How to Intermediate · 4 min read

How to deploy LlamaIndex RAG app

Q: How to deploy LlamaIndex RAG app

Use LlamaIndex to build a Retrieval-Augmented Generation (RAG) app by indexing your documents and querying them with an LLM like gpt-4o. Deploy by integrating LlamaIndex with the OpenAI SDK, loading your data, creating a vector index, and running queries to generate context-aware responses.

Quick answer

Use LlamaIndex to build a Retrieval-Augmented Generation (RAG) app by indexing your documents and querying them with an LLM like gpt-4o. Deploy by integrating LlamaIndex with the OpenAI SDK, loading your data, creating a vector index, and running queries to generate context-aware responses.

PREREQUISITES

Python 3.8+
OpenAI API key (free tier works)
pip install llama-index openai

Setup

Install the required packages and set your OpenAI API key as an environment variable.

bash

pip install llama-index openai

# Set your API key in your shell environment
export OPENAI_API_KEY=os.environ["OPENAI_API_KEY"]

Step by step

This example shows how to create a simple LlamaIndex RAG app that loads documents, builds an index, and queries it using OpenAI's gpt-4o model.

python

import os
from llama_index import SimpleDirectoryReader, GPTVectorStoreIndex, ServiceContext
from openai import OpenAI

# Initialize OpenAI client
client = OpenAI(api_key=os.environ["OPENAI_API_KEY"])
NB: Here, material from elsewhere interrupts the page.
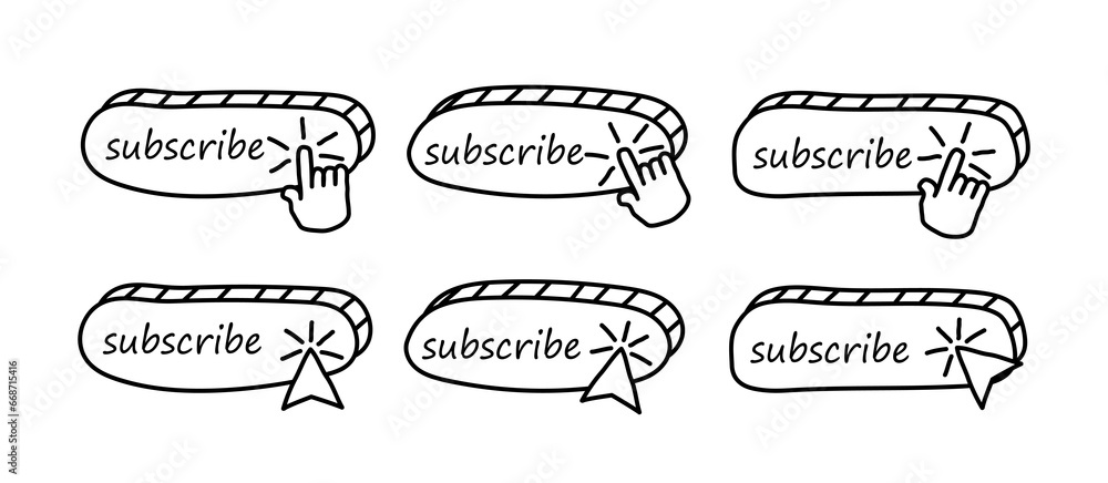 Wall mural subscribe button sign. pressing the button with a finger, forefinger. set of buttons for website, pr - Wall murals Wall mural subscribe button sign. pressing the button with a finger, forefinger. set of buttons for website, pr - Wall murals

# Load documents from a local directory
documents = SimpleDirectoryReader("./data").load_data()

# Create a service context with OpenAI client and model
service_context = ServiceContext.from_defaults(
    llm=client.chat.completions.create,
    model="gpt-4o"
)

# Build the vector index
index = GPTVectorStoreIndex.from_documents(documents, service_context=service_context)

# Query the index
query = "What are the key points in the documents?"
response = index.query(query)

print("Response:", response.response)

output

Response: The key points in the documents are ...

Common variations

Use async calls with OpenAI SDK for better performance.
Switch to other LLMs like gpt-4o-mini for cost efficiency.
Use different data loaders for PDFs or web pages.

python

import asyncio
import os
from llama_index import SimpleDirectoryReader, GPTVectorStoreIndex, ServiceContext
from openai import OpenAI

async def async_rag_query():
    client = OpenAI(api_key=os.environ["OPENAI_API_KEY"])
    documents = SimpleDirectoryReader("./data").load_data()
    service_context = ServiceContext.from_defaults(
        llm=client.chat.completions.acreate,
        model="gpt-4o-mini"
    )
    index = GPTVectorStoreIndex.from_documents(documents, service_context=service_context)
    query = "Summarize the documents."
    response = await index.aquery(query)
    print("Async response:", response.response)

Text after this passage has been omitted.